Speaker Conversation Utilities¶

Various helpers regarding aggregated speaker,conversation-level attributes.

Example usage: speaker conversation attributes

class convokit.speaker_convo_helpers.speaker_convo_attrs.SpeakerConvoAttrs(attr_name, output_field=None, agg_fn=None, recompute=False)¶

Transformer that aggregates statistics per (speaker, convo). e.g., average wordcount of all utterances that speaker contributed per convo.

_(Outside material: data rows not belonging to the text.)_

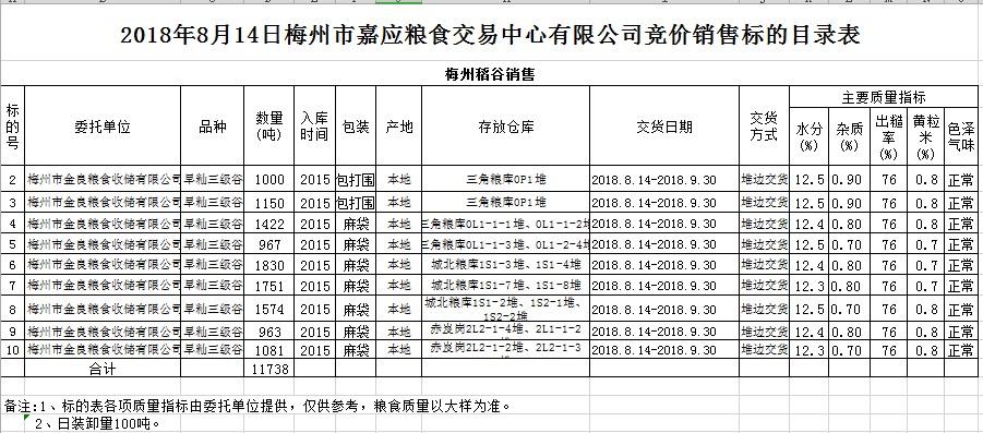 交易時(shí)間和地點(diǎn):2018年8月14日(星期二)上午10時(shí)。廣東省梅州市彬芳大道南161號(hào)梅州市糧食交易中心3樓。
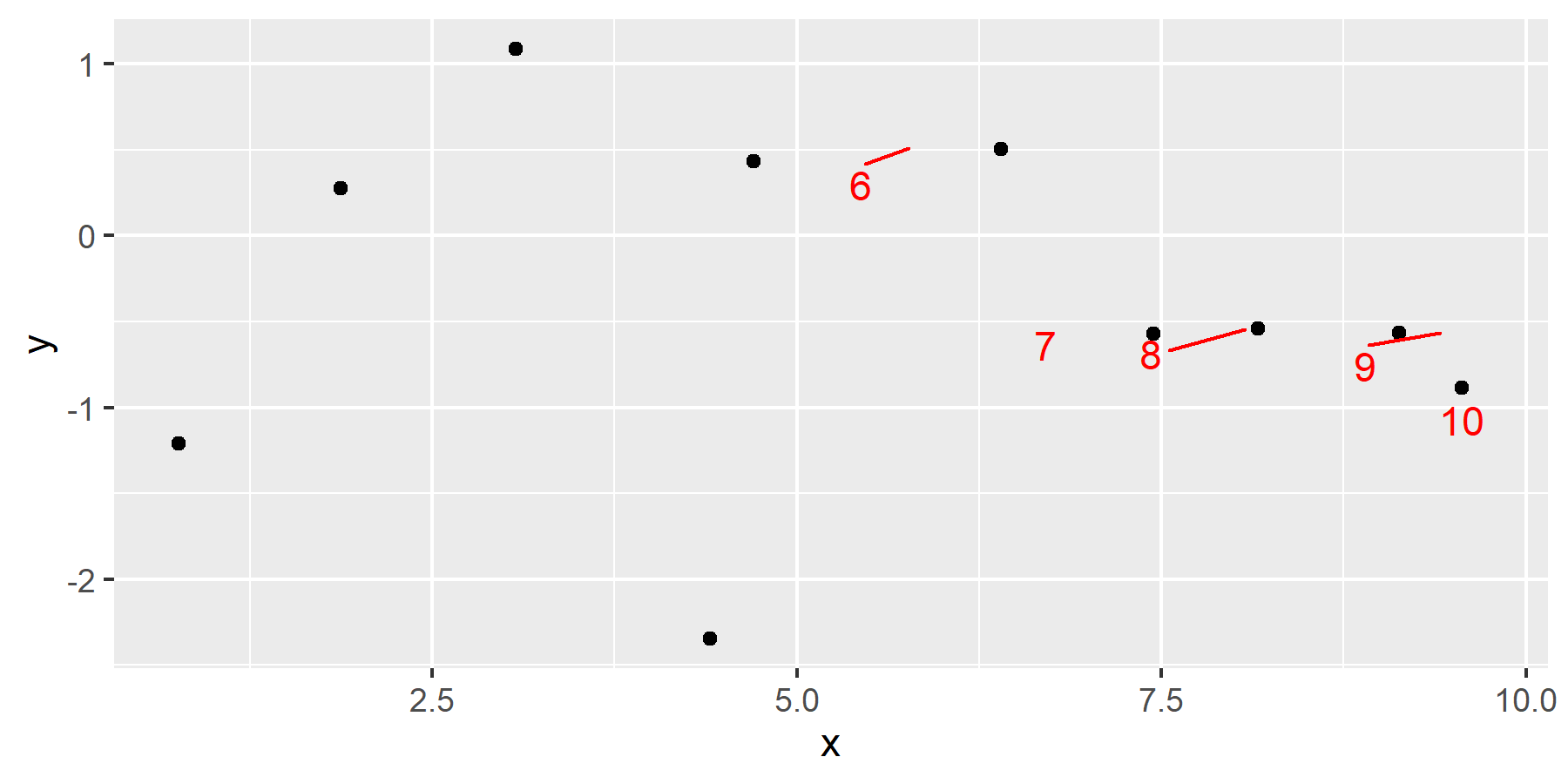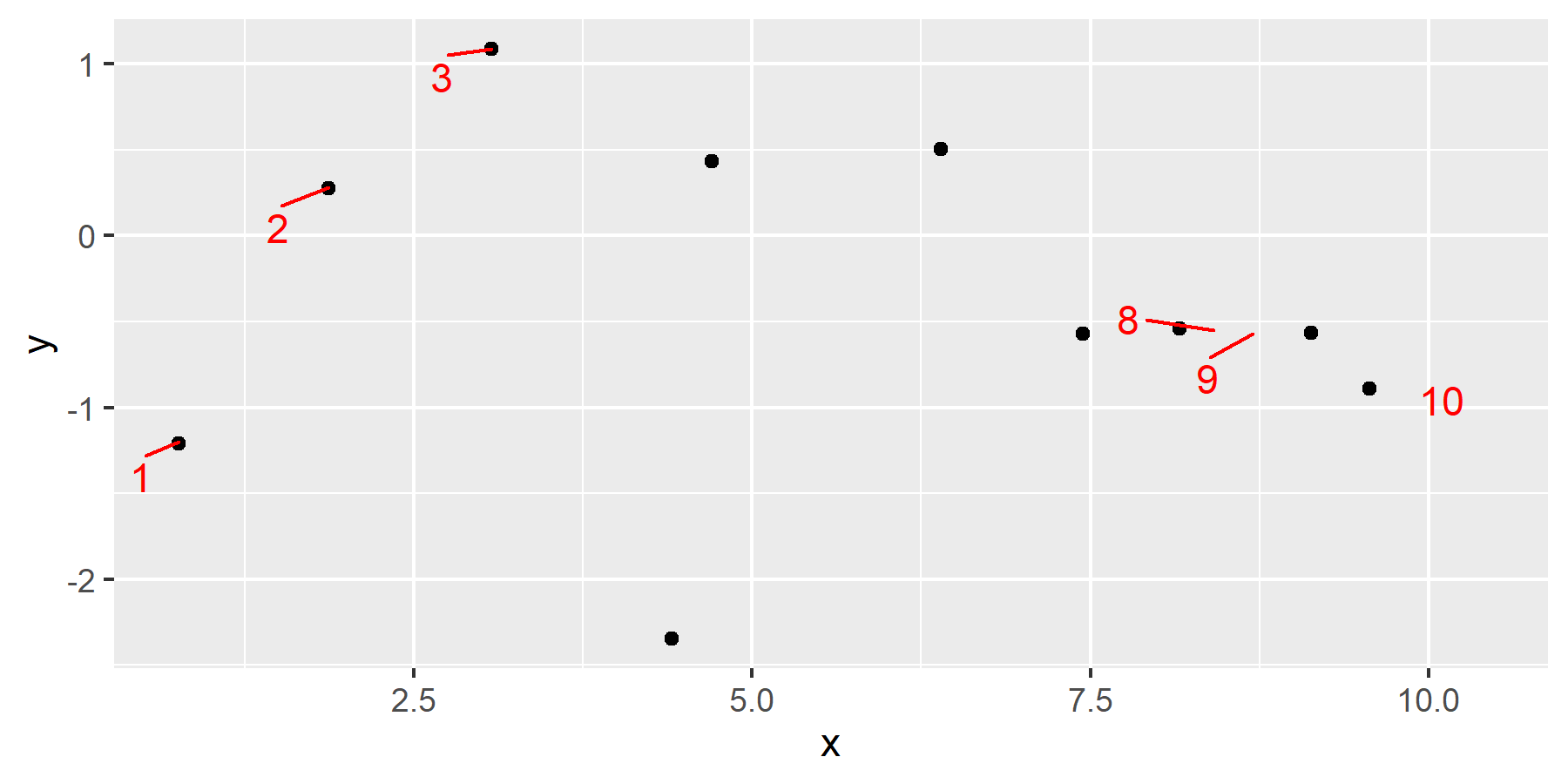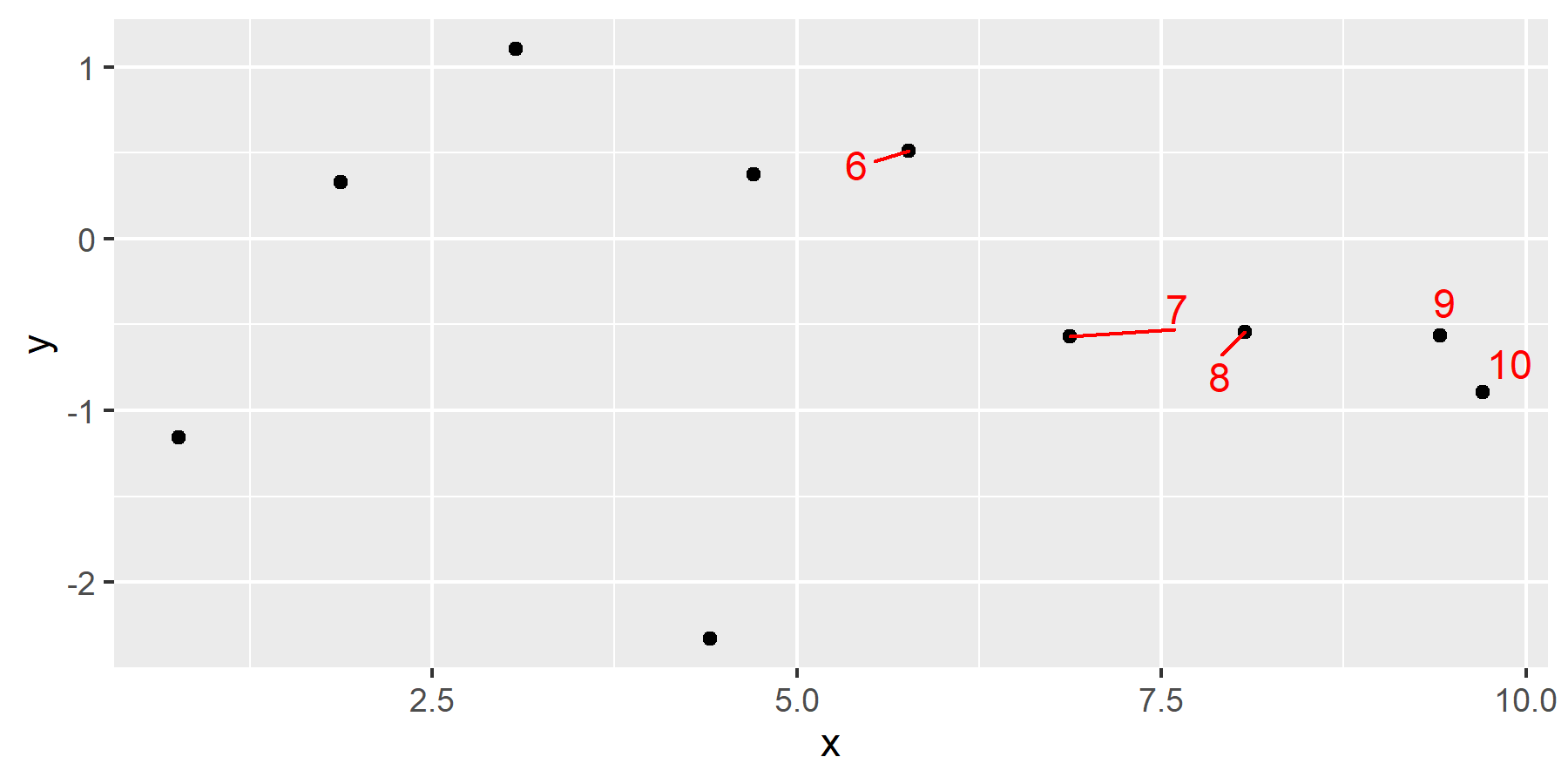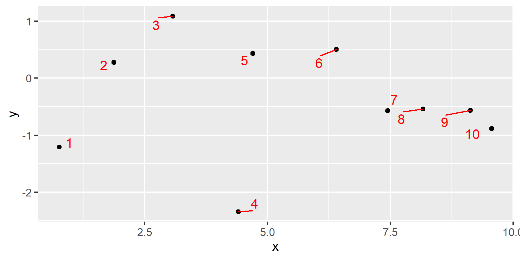 df <- data.frame(x=1:10, y=rnorm(10))我将绘制数据集,并将预先创建的position_jitter()对象应用于geom_point()和geom_text_repel()。您将看到输出图中的所有段都与所期望的点匹配。
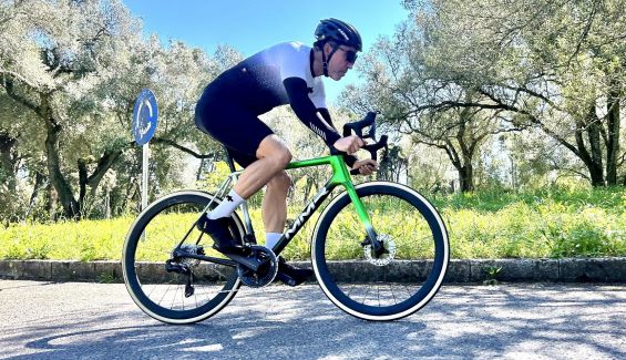 O desenvolvimento deste novo quadro em carbono de alto módulo serviu, sobretudo, para dar à equipa uma bicicleta superleve, capaz de ombrear com as melhores. Já tivemos a oportunidade de testar praticamente todas as bicicletas de topo e dizemos sem qualquer hesitação que esta Adrenaline SL está ao mesmo nível. Tal como acontece atualmente nas grandes marcas, a MMR adotou uma geometria que não é demasiado competitiva nem excessivamente relaxada. Porquê? Porque as provas atuais são sempre "com a faca na garganta", isto é, o ritmo é sempre muito alto, portanto é preciso uma bicicleta que permita manter um andamento alto, mas sem massacrar demasiado as costas, e que, ao mesmo tempo, não seja excessivamente permissiva, o que poderia comprometer a aerodinânica e a performance geral. Este compromisso está muito bem concebido nesta bicicleta e quando ultrapassamos a barreira das 3h a pedalar não sentimos o desgaste tradicional das bicicletas racing.
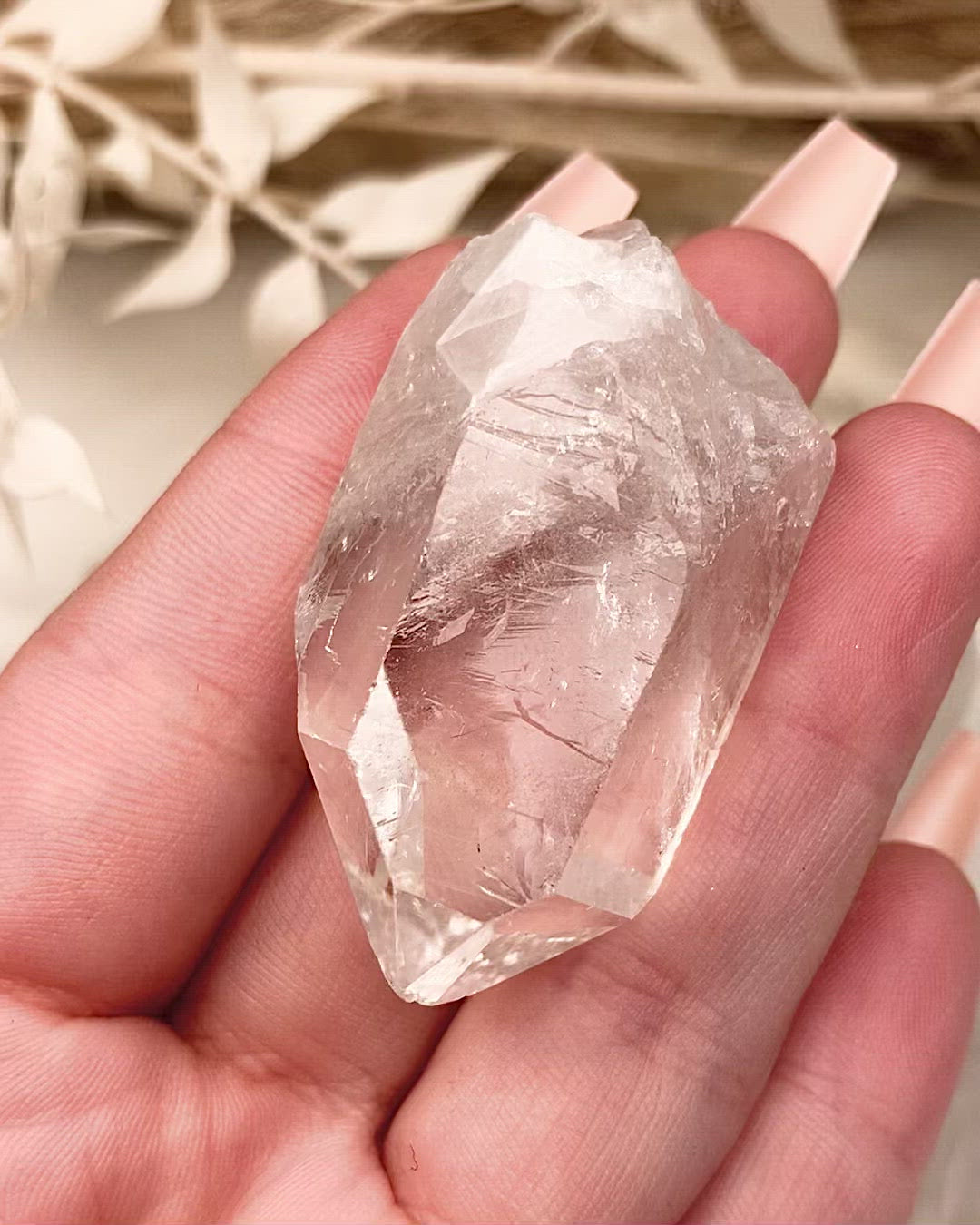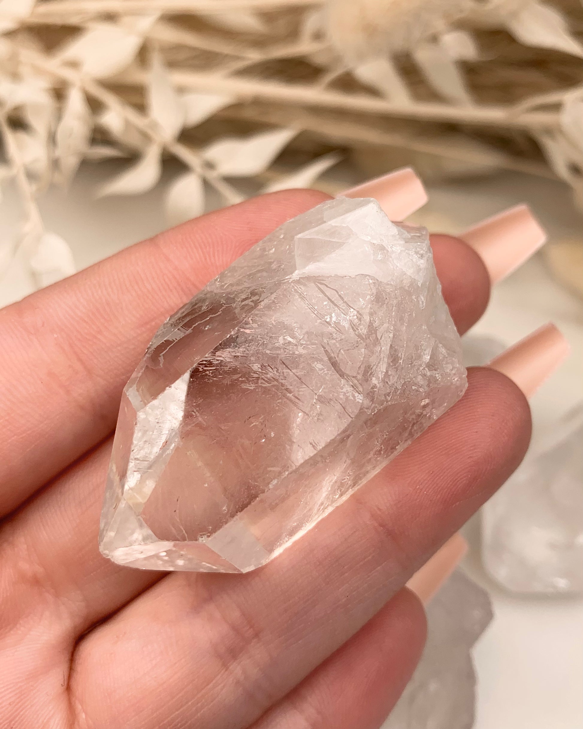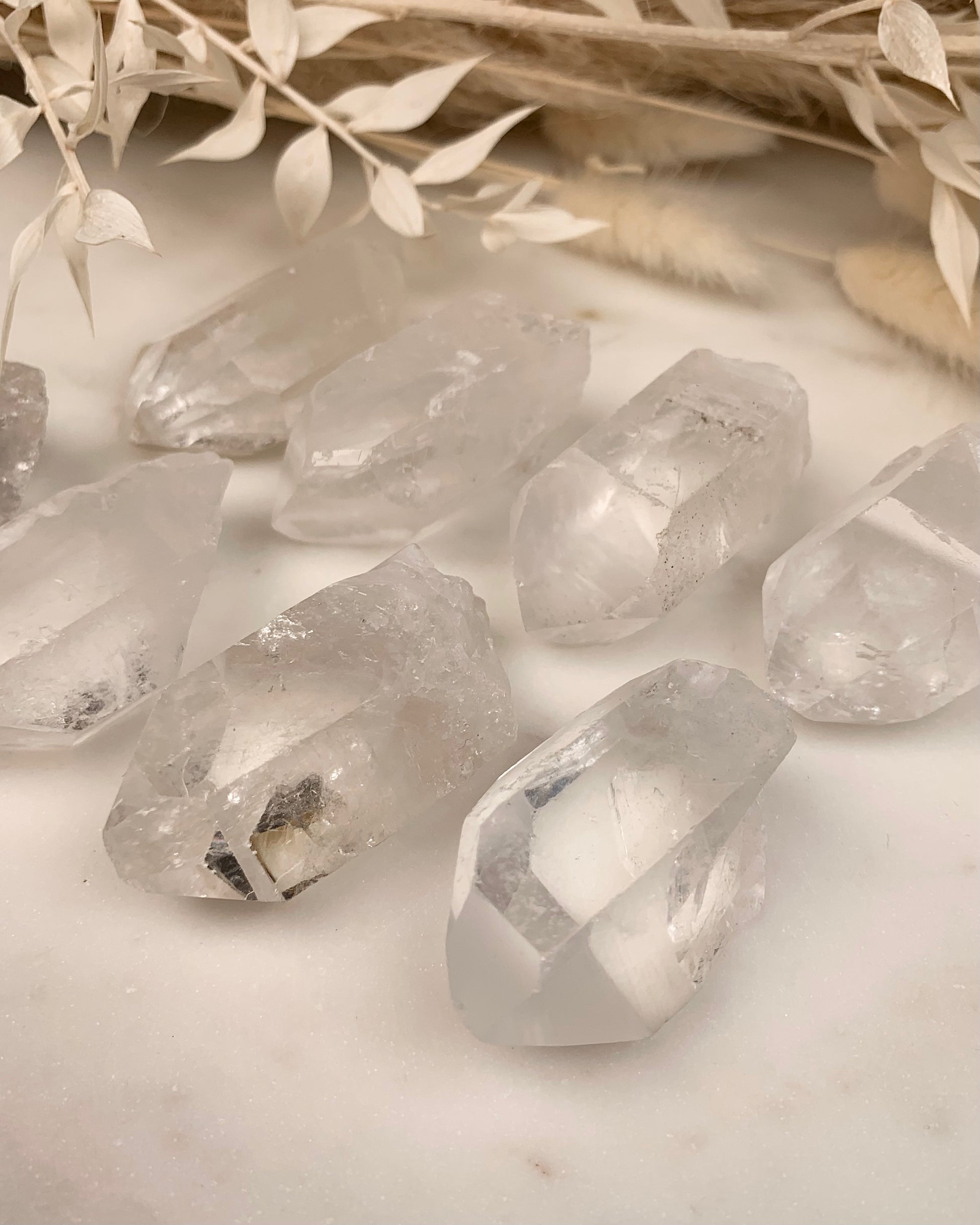 Eine natürliche, kleine und hochglänzende Bergkristall Spitze, intuitiv für dich ausgewählt. Die Spitzen wurden nicht geschliffen oder bearbeitet, sondern entstammen so Mama Gaya.
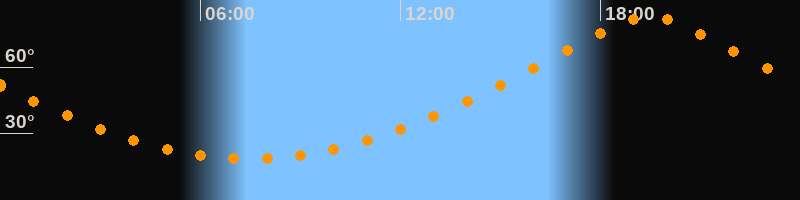 Höchster Stand (Kulmination)19:28 Uhr (h = 82,6°)
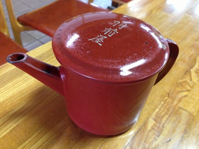 ふとメニューを拝見すれば、「お酒」の文字。こういう粋というか昔ながらの書き方にも歴史を感じますね。もちろん日本酒のことです。オーダーしたら、いやぁ、昭和テイストふんだん。
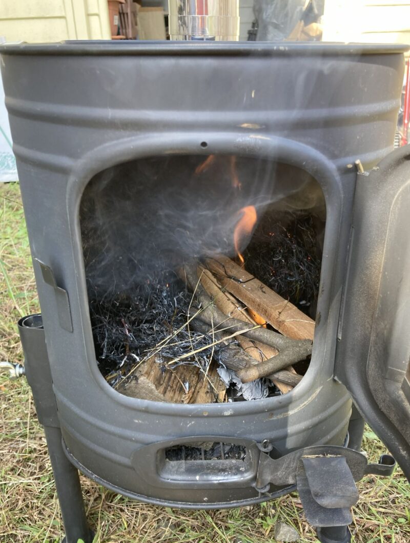 焚き付け用の薪と庭の刈り取った雑草を乾燥したもので火をつけましたが、煙が出ます。
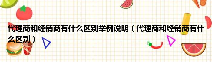 代理商和经销商有什么区别举例说明(代理商和经销商有什么区别)

Assumes that corpus.organize_speaker_convo_history has already been called.

Parameters

attr_name – name of attribute to aggregate over. note that this attribute must already exist as an annotation to utterances in the corpus.
output_field – name of the aggregated attribute to output. defaults to attr_name.
agg_fn – function to aggregate utterance-level attribute with. defaults to returning a list.
recompute – if False, will not recompute the aggregate if output_field already exists for a speaker convo entry.

transform(corpus: convokit.model.corpus.Corpus)¶

creates and populates speaker, convo aggregates.

Parameters: corpus (Corpus) – the Corpus to transform.

class convokit.speaker_convo_helpers.speaker_convo_lifestage.SpeakerConvoLifestage(lifestage_size, output_field='lifestage')¶

Transformer that, for each speaker in a conversation, computes the lifestage of the speaker in that conversation. For instance, if lifestages are 20 conversations long, then the first 20 conversations a speaker participates in will be in lifestage 0, and the second 20 will be in lifestage 1.

Assumes that corpus.organize_speaker_convo_history has already been called.

Parameters

lifestage_size – size of the lifestage
output_field – name of speaker conversation attribute to output, defaults to “lifestage”

transform(corpus)¶

Modify the provided corpus. This is an abstract method that must be implemented by any Transformer subclass

Parameters: corpus – the Corpus to transform
Returns: modified version of the input Corpus. Note that unlike the scikit-learn equivalent, transform() operates inplace on the Corpus (though for convenience and compatibility with scikit-learn, it also returns the modified Corpus).